My dad is a huge cyclist and worshipped the ground Armstrong walked on. At 68, he still rides 30 miles nearly every day at lunch. To the point where he has what he deems a "260" goal/chart every year; 260 being the number of workouts one would tally in a year if working out five days a week, 52 weeks a year. And he accomplished 260 fifteen years in a row until finally missing last year due to a knee surgery (along with a
two other surgeries I detail below). But "Lance" was the inspiration all along. And whenever we were in Austin, my dad would always point out where "Lance" ate, where "Lance" lived, etc. And when "Lance" finally fell from grace, for my dad, it was like finding out Bush Jr. was actually a liberal or something. It didn't compute, and I remember him being in such denial.
I'm glad it didn't kill his love of the sport, though, because in 2013, my dad took the family on a trip to France that summer to follow a few legs of the Tour. We rented a house in the south of France - like something out of that Russel Crowe movie
A Good Year - close enough to a couple legs of the Tour, which we went and watched. Then we made our way up to Paris for the final stage/day, and watched the riders cross the finish line at the Champs-Elysees. Easily the most amazing trip I've ever been on, and it was all ultimately because of "Lance"...

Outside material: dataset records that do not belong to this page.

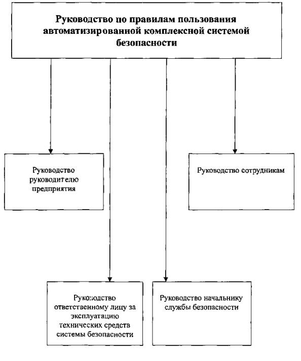 Рис. 12 4.7. Руководство по правилам пользования АКСБ (см. рис. 13).Завершающий и один из главных моментов, который обуславливает успешную эксплуатацию, созданную автоматизированную комплексную систему безопасности, - это изготовление инструкции по правилам пользования системой для разного уровня пользования. Подробным образом составляются инструкции по правилам пользования системой для: - Руководителя предприятия, - Начальника службы безопасности, - Охранников, - Сотрудников.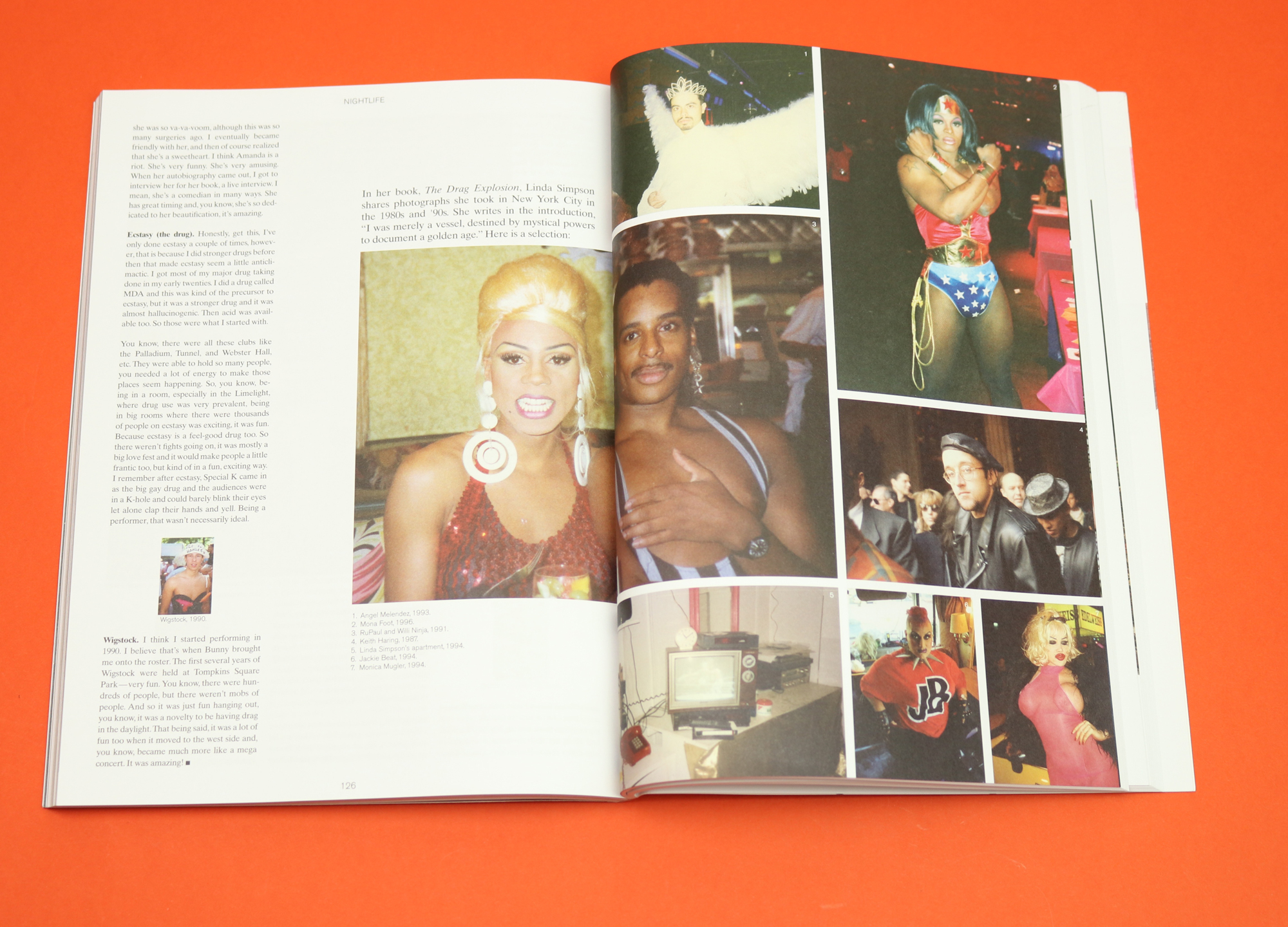 Gayletter started out as a newsletter in 2009, providing a highly selective guide to New York gay culture. In this fourteenth issue, editors Abi Benitez and Tom Jackson take readers back in time via an interview with legendary drag queen Linda Simpson, a linchpin of the 80s downtown queer scene. Collage spreads of Linda’s own photographs accompany the feature, showing fabulously glitzy, grainy shots of RuPaul and Lady Bunny, Amanda Lepore and Joey Arias.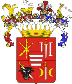W pierwotnej, XV wiecznej formie w klejnocie znajdowała się głowa szczenięcia srebrnego między kręgami srebrnymi ze środkiem czerwonym i okrągłymi uchwytami srebrnymi[13]. Herb ma pochodzenie węgierskie, trzy wręby oznaczają trzy rzeki Dunaj, Cisę (lub Drawę) i Sawę[14].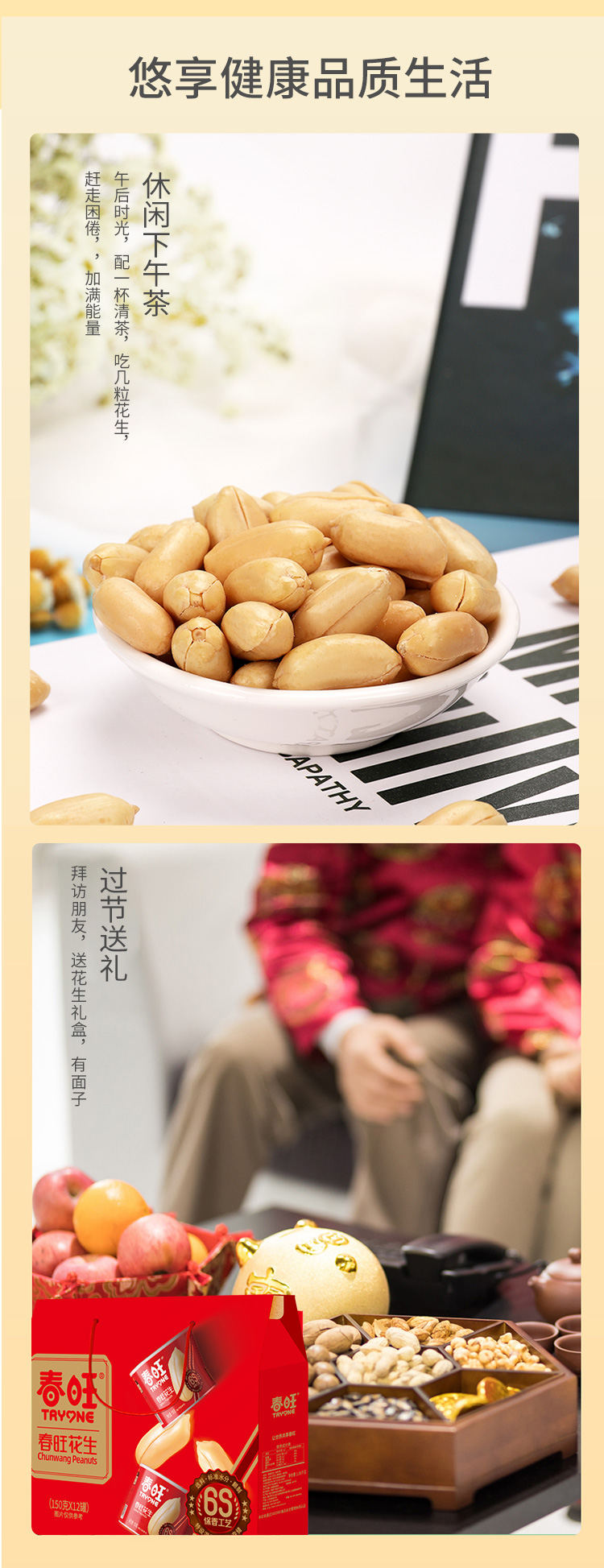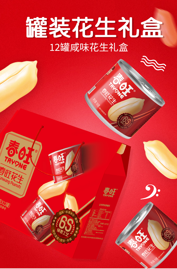 春旺花生坚果礼盒 山东淮盐花生罐装零食炒货12罐无添加干果

That said, last summer, my parents and a couple of their friends went back to France, this time so my dad and his buddy could actually
ride a couple of the stages. But for some insane reason - likely having something to do with "Lance" - my dad picked one of the toughest stages, in the French Alps. Yet, at 67 years old, to his credit, just a couple weeks after the Tour had done the same course, he and his buddy actually made it all the way to the top, and completed the entire thing. It was on the way down, however, coming around a corner, that my dad's front tire hit a random groove in the road, he spun out of control, and had a horrible crash. Broke his hip, a few ribs, and punctured a lung. He had to have two major surgeries in a French hospital, but because he wasn't allowed to fly while his lung was healing, he had to spend the next three weeks in that same hospital, and then two weeks after that in a hotel. Mind you, he is a
hard core Republican, and him being forced to spend that much time in a French, socialist hospital was...
interesting to say the least. There was even a period of about three days post hip surgery where he literally went crazy. I can't remember the exact name of the condition, but it's a real thing some patients go through after surgery, when they don't have windows in their room, can't tell night from day, etc, and they experience extremely vivid hallucinations. But he was
convinced one of his attendants was a terrorist who had a fake leg that could be removed and used as a gun. And my dad would text us at all hours of the night, warning us of the imminent terrorist attack on the hospital that he was somehow going to thwart. It was kind of scary, but also legit hilarious.
So I have "Lance" to thank for that as well.